Four rooms environment: This is a continuous twist on a well studied problem in the Reinforcement Learning literature. A point mass is placed in an environment with four rooms connected through small openings as depicted in Fig. 1(a). The action space of the agent is continuous and specifies the desired change in state space, and the goals-space exactly corresponds to the state-space.

Pick and Place: This task is the same as the one described by Nair et al. [2018b], where a fetch robot needs to pick a block and place it in a desired point in space. The control is now four-dimensional, corresponding to a change in position of the end-effector as well as a change in gripper opening. The goal space is three dimensional and is restricted to the position of the block.

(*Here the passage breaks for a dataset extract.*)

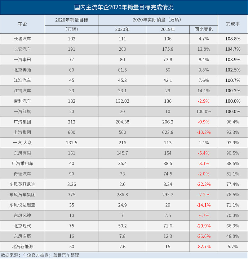 长安汽车(000625):每股净资产 9.07元,每股净利润 0.14元,历史净利润年均增长 9.2%,预估未来三年净利润年均增长 99.66%,更多数据见:长安汽车000625核心经营数据 长安汽车的当前股价 10.26元,市盈率 -15.67,未来三年的估值假设和预期收益率如下:15倍PE,预期收益率 62.91%;20倍PE,预期收益率 117.21%;25倍PE,预期收益率 171.52%;30倍PE,预期收益率 225.82%。 长城汽车(601633):每股净资产 5.81元,每股净利润 0.57元,历史净利润年均增长 20.62%,预估未来三年净利润年均增长 9.11%,更多数据见:长城汽车601633核心经营数据 长城汽车的当前股价 8.26元,市盈率 17.96,未来三年的估值假设和预期收益率如下:15倍PE,预期收益率 34.46%;20倍PE,预期收益率 79.28%;25倍PE,预期收益率 124.09%;30倍PE,预期收益率 168.91%。 2020年各大车企销量目标完成情况如何?2021年他们又有怎样的目标和规划呢? 回首2020年,在新冠疫情突发和整体经济下行的大环境下,我国汽车市场全年以产销2522.5万辆和2531.1万辆,同比下降2.0%和1.9%的成绩告终,该降幅较2019年分别收窄5.5和6.3个百分点,整体表现可谓大大好于预期。 在整体车市回暖的情势下,那些在年初设定销量目标的车企,最终的完成情况怎么样呢?盖世汽车通过对已公开全年销量成绩的20多家车企进行梳理发现:2020年,完成或超额完成全年销量目标的企业有8家,完成率在80%之上的有6家,完成率低于80%的企业有5家,其中完成率最低者仅有5.2%。 8家车企完成或超额完成目标,最高者长城汽车(601633)达108.8% 统计数据显示, $长城汽车(SH601633)$ 、$长安汽车(SZ000625)$ 、一汽丰田、北京奔驰、江淮汽车(600418)以及$江铃汽车(SZ000550)$ 均实现了超额完成,吉利汽车(00175)和一汽红旗则刚刚好完成。 数据显示,长城汽车(601633)2020年累计销量111万辆,较2019年的106万辆增长4.7%,超额完成其102万辆年度销量目标,达到108.8%,成为计入统计中完成率最高的车企。不过,需要指出的是,2020年3月,在经济下行压力叠加新冠疫情的影响下,长城汽车(601633)将2020年的销量目标从此前制定的111万辆调整至102万辆,同时净利润从此前的47亿元下调至40.5亿元,但2021年及2022年考核目标未进行调整。 与长城汽车(601633)下调销量目标不同,长安汽车(000625)2020年的经营目标是力争实现汽车产销超191万辆,相比2019年销量增加8%。值得欣慰的是,在自主和合资版块的共同发力下,长安汽车(000625)超额完成了这一目标。数据显示,2020年,长安汽车(000625)集团共计销售新车200万辆,相较于2019年同期的175.8万辆,增长13.8%。其中,长安汽车(000625)系中国品牌汽车2020年总销量为150.4万辆,同比增长12.9%。合资板块中,长安福特2020年累计销售新车25.3万辆,同比增长37.7%;长安马自达总销量为13.7万辆,同比增长2.8%。 一汽丰田2020年全年累计销量达80万辆,同比增长8.4%,超额完成2020年77万辆的销量目标,目标达成率为103.9%。一汽丰田汽车销售有限公司党委书记、总经理胡绍航曾表示,到2022年,一汽丰田将成为年销百万辆、客户超千万、营业收入过千亿的汽车企业。为了实现这一目标,尽快推出新的车型,进一步完善目前的产品线成为一汽丰田的重要工作。 2020年的疫情可以说没有影响中国豪华车市场的销量表现,北京奔驰就是典型代表。2020年,北京奔驰累计销量达61.5万辆,同比增长9.8%,超额完成60万辆年度销量目标,完成率为102.5%。值得一提的是,目前北京奔驰8款国产乘用车型为奔驰品牌在华销量贡献了超过3/4份额。为进一步提升本土研发生产能力,2021年新的戴姆勒中国研发技术中心计划正式投入运营。 江淮汽车(600418)2020年全年累计销量为45.3万辆,同比增长7.6%,超额完成年初设定的45万辆销量目标。从细分品类看,江淮商用车2020年累计销售29.8万辆,同比增长10.58%;其中,轻型货车2020年累计销售21.3万辆,同比增长15.6%。重型货车2020年累计销售5.4万辆,同比增长41.88%,继续保持高速扩张态势。乘用车方面,2020年累计销量15.6万辆,同比下滑4.19%。由此来看,占集团销量份额近2/3的商用车板块是江淮汽车(600418)全年销量实现同比增长同时顺利完成全年销量目标的重要砝码,而江淮乘用车板块显然需要更多努力。 与江淮汽车(600418)一样,江铃汽车(000550)2020年也依靠着商用车板块实现了同比14.1%的销量增长,全年新车销量33.1万辆,超额完成了其33万辆年销目标。产销数据显示,江铃汽车(000550)2020年轻型客车与卡车的销量占比超过五成,SUV成为唯一下滑的板块。江铃汽车(000550)总裁王文涛强调称,“江铃汽车(000550)一直以商用车业务作为立身之本,在乘用车销售网络和能力方面还很欠缺。为了弥补这一短板,江铃汽车(000550)正在积极建设一个乘用车销售专业团队,更深层次的帮助经销商改善销售网络,内部的话还要加强销售公司的培训升级,引进更多的人才。” 除了上述6家超额完成年度销量目标的车企外,吉利汽车(00175)和一汽红旗则刚好完成各自设定的目标。2020年,吉利汽车(00175)累计销量132万辆,刚好达到其调整后132万辆的销量目标(调整前为141万辆)。据悉,2021年,吉利汽车(00175)销量目标为153万辆,同比增长16%。中国一汽在2020年12月25日表示,一汽红旗在提前11天完成20万产量后,销量也提前一周达成年度20万销量目标,同比增长100%。据了解,一汽红旗在2018年突破3万辆,2019年突破10万辆,2020年销量翻了一倍。2021年,一汽红旗将挑战年销量40万辆,而这本是一汽红旗2022年要达成的销量目标。 13家车

5.2 Goal-conditioned Imitation Learning

In goal-conditioned tasks, HER Andrychowicz et al. [2017] should eventually converge to a policy able to reach any desired goal. Nevertheless, this might take a long time, specially in environments where there are bottlenecks that need to be traversed before accessing a whole new area of the goal space. In this section we show how the methods introduced in the previous section can leverage a few demonstrations to improve the convergence speed of HER. This was already studied for the case of Behavioral Cloning by Nair et al. [2018b], and in this work we show we also get a benefit when using GAIL as the Imitation Learning algorithm, which brings considerable advantages over Behavioral Cloning as shown in the next sections.

(a) Continuous Four rooms
(b) Fetch Pick & Place
Figure 3: Performance of Goal-conditioned GAIL compared to only GAIL and HER

In both environments, we observe that running GAIL with relabeling (GAIL+HER) considerably outperforms running each of them in isolation. HER alone has a very slow convergence, although as expected it ends up reaching the same final performance if run long enough. On the other hand GAIL by itself learns fast at the beginning, but its final performance is capped. This is because despite collecting more samples on the environment, those come with no reward of any kind indicating what is the task to perform (reach the given goals). Therefore, once it has extracted all the information it can from the demonstrations it cannot keep learning and generalize to goals further from the demonstrations. This is not an issue anymore when combined with HER, as our results show.

5.3 Expert relabeling

Here we show that the Expert Relabeling technique introduced in Section 4.2 is beneficial when using demonstrations in the goal-conditioned imitation learning framework. As shown in Fig. 4, our expert relabeling technique brings considerable performance boosts for both Behavioral Cloning methods and goal-GAIL in both environments.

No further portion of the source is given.